Camera Shake Reduction does exactly what it sounds like: it removes or reduces the blur that occurs specifically due to camera shake. This differs from motion blur in a very specific way. Motion blur is caused by a subject within the frame moving during the passage of a shutter, while camera shake is caused by the camera creating blur due to the motion of the camera during the passage of a shutter. This is a very important distinction to make, because the way Camera Shake Reduction works is based on fixing the latter situation.
When your camera moves, it drags and blurs the image as a whole, but in a traceable way. Let’s say you take a photo and someone bumps your shoulder. Your entire image will be blurred, but in the motion that your arm took as a result of that bump. In contrast, when a subject in a shot moves and creates motion blur, only that subject is blurred while the remainder of the image remains in focus.
Camera Shake Reduction uses an algorithm that is capable of tracing the path of a camera’s movement through a shake, then compressing that path into one un-blurred image. While using the filter, you can determine where on the image you want to focus on getting the best blur removal, then the software is able to trace the path of the blur and remove it. It’s really awesome and works pretty darn well. Remember though: “garbage in, garbage out.” That means that if what you put into the filter is really badly blurred, it can only be fixed so much. This tool is going to be used best to make small adjustments, like when an image looks perfect in your LCD, but is obviously blurred when you finally get it into Photoshop. That kind of image usually gets thrown away, but Camera Shake Reduction is a step in the right direction to save otherwise unuable images.
What the filter can’t fix is motion blur because motion blur doesn’t affect an image as a whole, but only a segment of the image.

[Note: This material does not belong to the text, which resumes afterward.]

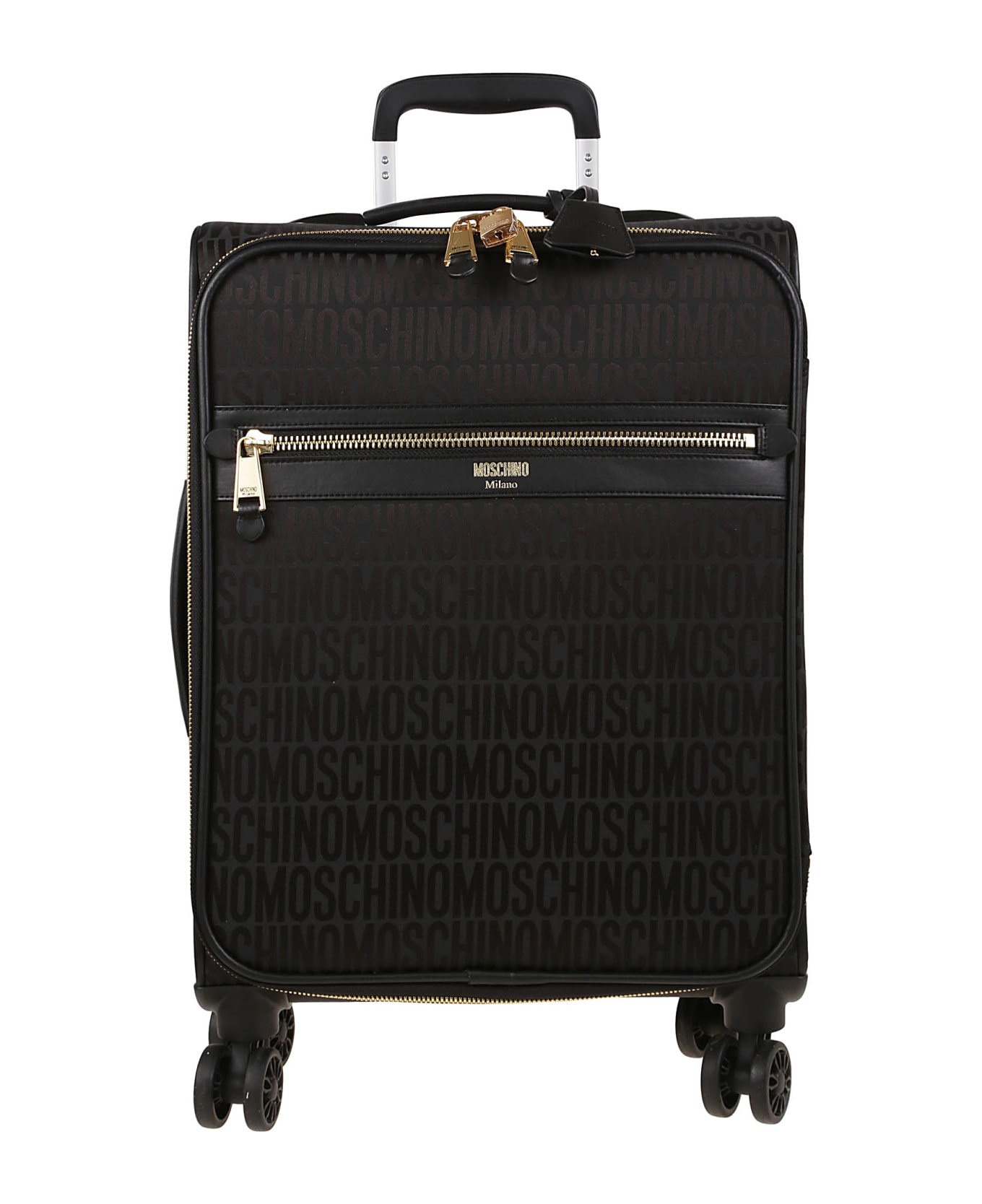 Nylon trolley BY MOSCHINO. Double slider zip closure; one front pocket with zip. Tone-on-tone all-over logo print detail and contrasting MOSCHINO Milano logo print on the front.
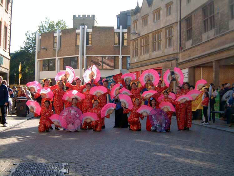 在我们的游行演出期间多次碰到一对年老的英国夫妇,丈夫告诉我们他的夫人在我们先前发正念的时候就禁不住流眼泪,当看到我们在国王学院门前唱大法弟子创造的歌曲时有被感动得眼泪直流。有一次,当女学员们在法轮大法好的音乐声中跳扇子舞时,突然音响出故障中断了,学员们马上自发地齐声接着清唱起来继续跳舞。在第一排跳舞的学员发现有的英国观众在那一刻眼泪夺眶而出。

The algorithm isn’t designed to fix parts of an image, and though it may fix some motion blur images, Adobe makes no claim that this is normal. Those of you who were ready to cry foul about how this filter is going to contribute to “fauxtographers” and legitimizing poor shots need not worry: you still need skill in order to get the most out of the software. Again, “garbage in, garbage out.”
Great followup on the previous article surrounding this new filter. Thanks!
Damn! And here I thought I would finally become a legitimate fauxtographer...
Is this translational only, or also rotational?
I think this is the paper. They use edge detection to construct the Radon Transform, and then invert the transform. Unless the implementation divides the image into regions, and finds a blur kernel for each region (then interpolate), it looks like this alg is only translational... Which also means it doesn't do out-of-focus images...
http://people.csail.mit.edu/taegsang/Documents/RadonTransform_CVPR2011.pdf
Any documentation for the Camera Shake Reduction?
Hi, Anders: here's the documentation for the Camera Shake Reduction feature:
http://helpx.adobe.com/photoshop/using/reduce-camera-shake-induced-blurr...
I was asking for documentation, ie "how it works"/"what algorithm is implemented", not "how to use it".